Funny that many other languages seem to share their false friends with English - why might that be? 

There are heaps of them in Swedish as well, here a few (remember the pronounciation is not the same in many cases):
as - as (=carcass)
barn - barn (=child, cf. Scots "bairn")
stop - stop (=a sort of pint, for beer or so. The English meaning is expressed in "Stopp" or the verb "att stanna")
wrist (Sw: handled) - vrist (=ankle)
swim - svimma (=to faint; to swim is "att simma")
prick - prick (=dot, ie the tiny round sign)
full (Sw: mätt) - full (=drunk, pissed)
mask - mask (has the same meaning as in English, but also "worm")
(to) make - make (=husband)
hop - hop [as homographs] (=a crowd) [as (almost) homonyms, Eng hop/Swe hopp] (=a jump)

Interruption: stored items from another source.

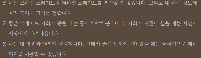 인내심이 제일 중요하다. 좋은 트레이드를 기다리며 아무 행동도 하지 않아야 한다.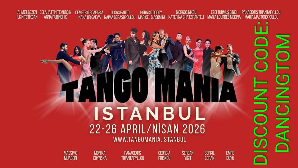 TANGO MANIA FESTIVAL ISTANBUL runs from 2026-04-22 to 2026-04-26. Festivals typically include workshops with visiting maestros, milongas every evening, and sometimes live orchestra performances and shows.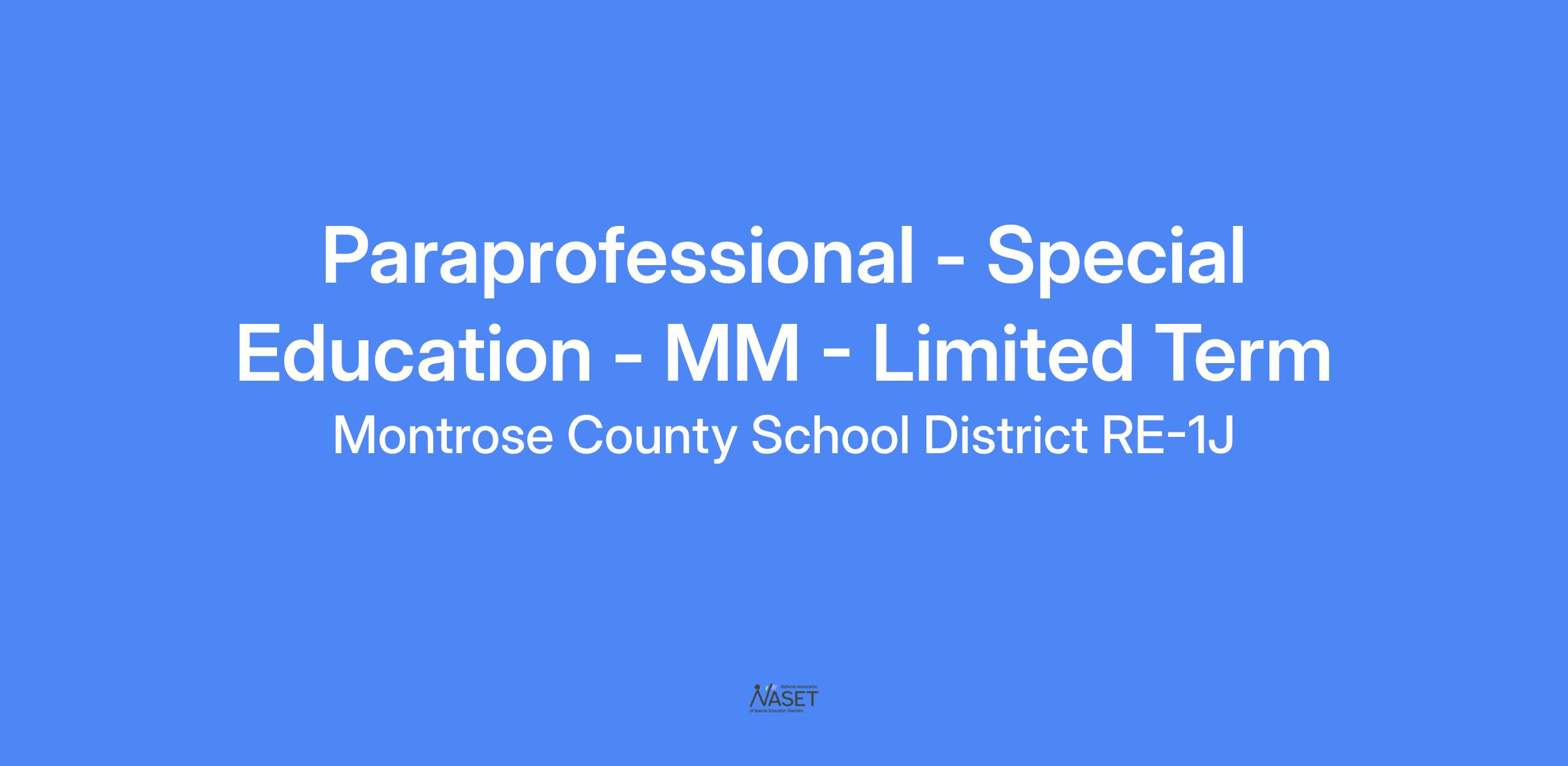Position Title: Special Education Paraprofessional - Mild/Moderate Need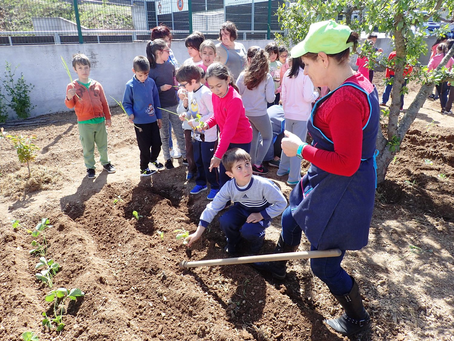 Nesta atividade, que teve como objetivo promover hábitos alimentares saudáveis e fomentar o contacto com a agricultura biológica, os alunos plantaram morangos, cebolas, alho francês, cenouras, curgetes, brócolos, alfaces, beringelas, nabos, couves e tomates. Na próxima atividade serão plantados outros legumes e ervas aromáticas.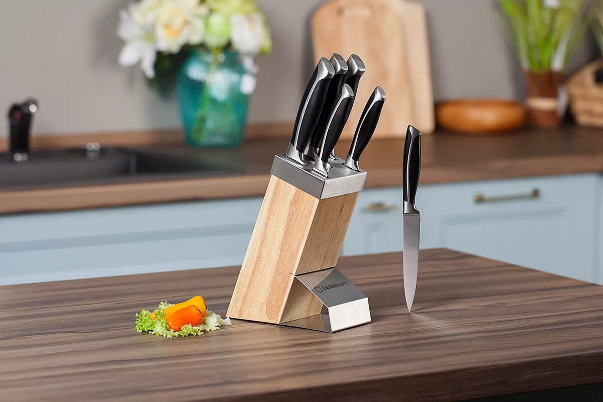 Набор поставляется с блоком, в котором можно безопасно хранить ножи. Блок создан из прочного материала, имеет стильный дизайн и позволяет легко получить доступ к нужному ножу.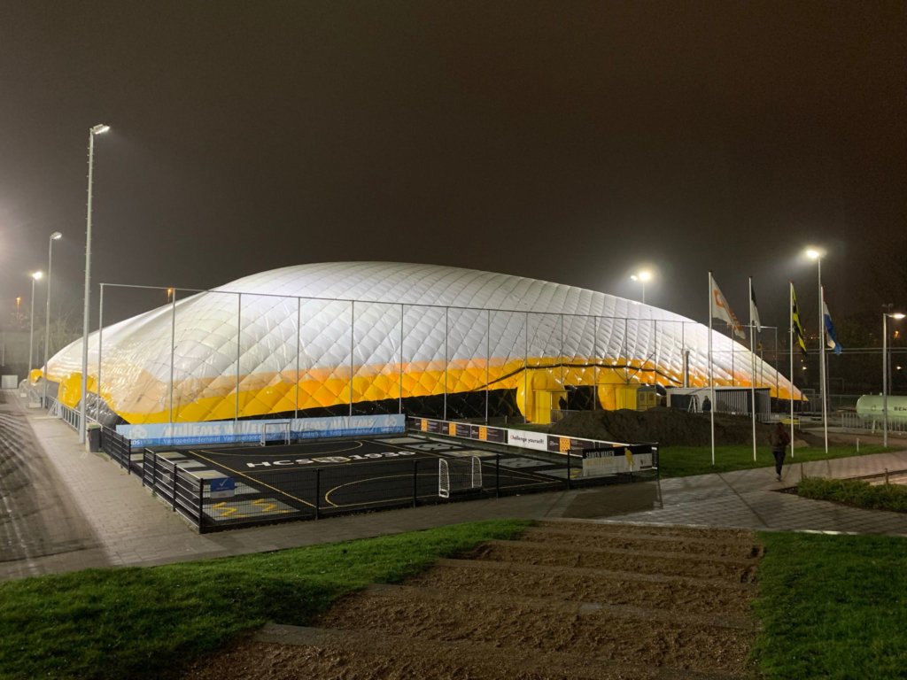Stralend telt De Blaey op zijn vingers het aantal clubs die vanaf dit seizoen voor het eerst een blaashal in gebruik nemen. ‘GHBS… Groningen… Nijmegen… Venlo…’, somt hij op, terwijl hij elke club uitspreekt alsof hij een klein succes viert. Voor hem geldt: hoe meer hallen de lucht in gaan, hoe groter zijn enthousiasme. ‘Al jaren denk ik: nu is de rek er wel uit. Nu is de limiet van het aantal clubs die zich een blaashal kunnen veroorloven wel bereikt. Maar dan – pop, pop, pop – duiken er toch weer clubs op die er één uit de grond stampen. Het blijft prachtig om te zien.’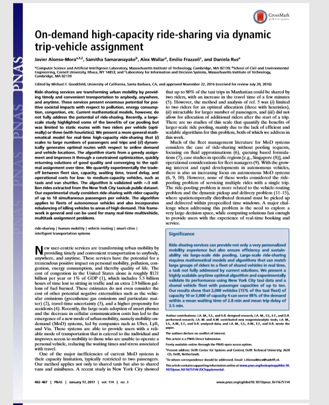 The study presents a model for real-time high-capacity ride-sharing that (i) scales to large numbers of passengers and trips and (ii) dynamically generates optimal routes with respect to online demand...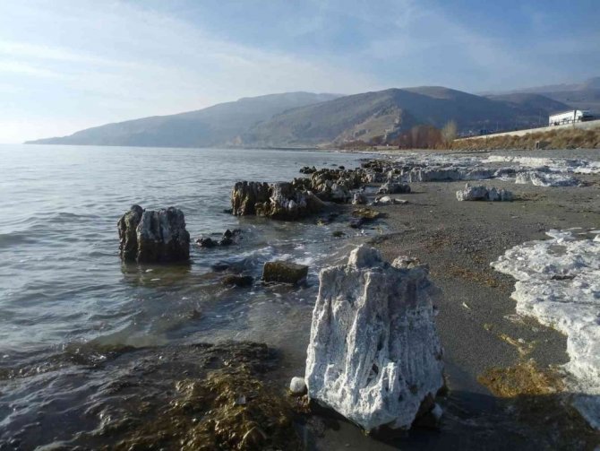 Bitlis'in Adilcevaz ilçesinde Van Gölü'nün çekilmesiyle mikrobiyalitler ortaya çıkmaya başladı.

Well, there are tons more . 
Wiki has a list of lots of false friends English/other languages, but it's alphabetical and not language specific so.. good in a way, less so in another. But funny, nonetheless!


----------



## Jana337

jonquiliser said:


> Funny that many other languages seem to share their false friends with English - why might that be?
> 
> There are heaps of them in Swedish as well, here a few (remember the pronounciation is not the same in many cases):
> as - as (=carcass)
> barn - barn (=child, cf. Scots "bairn")
> stop - stop (=a sort of pint, for beer or so. The English meaning is expressed in "Stopp" or the verb "att stanna")
> wrist (Sw: handled) - vrist (=ankle)
> swim - svimma (=to faint; to swim is "att simma")
> prick - prick (=dot, ie the tiny round sign)
> full (Sw: mätt) - full (=drunk, pissed)
> mask - mask (has the same meaning as in English, but also "worm")
> (to) make - make (=husband)
> hop - hop [as homographs] (=a crowd) [as (almost) homonyms, Eng hop/Swe hopp] (=a jump)
> 
> Well, there are tons more .
> Wiki has a list of lots of false friends English/other languages, but it's alphabetical and not language specific so.. good in a way, less so in another. But funny, nonetheless!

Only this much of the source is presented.